• **Task requirements**: Could you restate word for word each line from the top of the listing below through the line containing "Görsel 10: Robert"? Keep the pictures out.

• **Recorded information**:
■ ■ ■

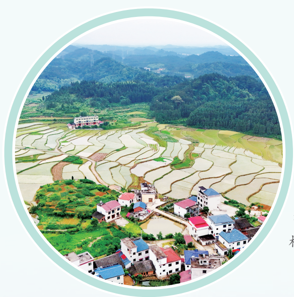
科学规划下的魅力村庄。

2024年来,洞口县自然资源系统紧紧围绕“严守资源安全底线、优化国土空间格局、促进绿色低碳发展、维护资源资产权益”的工作定位,聚焦土地、规划、不动产登记等重点领域,强化政策供给,深化流程再造,优化服务质效,坚定不移完成各项目标任务,助力全县经济社会高质量发展。
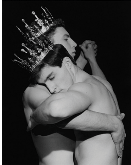
Görsel 10: Robert Mapplethorpe, Dans Eden İki Adam, 1984, siyah beyaz fotoğraf

İki erkeğin birbirine sadakatle eşlik ettiği dans fotoğrafı, estetik görünümüyle ve yansıttığı duyguyla izleyicinin algı düzeyiyle barışık bir görünüme sahiptir.

■ ■ ■

• **Task answer**:
科学规划下的魅力村庄。

2024年来,洞口县自然资源系统紧紧围绕“严守资源安全底线、优化国土空间格局、促进绿色低碳发展、维护资源资产权益”的工作定位,聚焦土地、规划、不动产登记等重点领域,强化政策供给,深化流程再造,优化服务质效,坚定不移完成各项目标任务,助力全县经济社会高质量发展。
Görsel 10: Robert Mapplethorpe, Dans Eden İki Adam, 1984, siyah beyaz fotoğraf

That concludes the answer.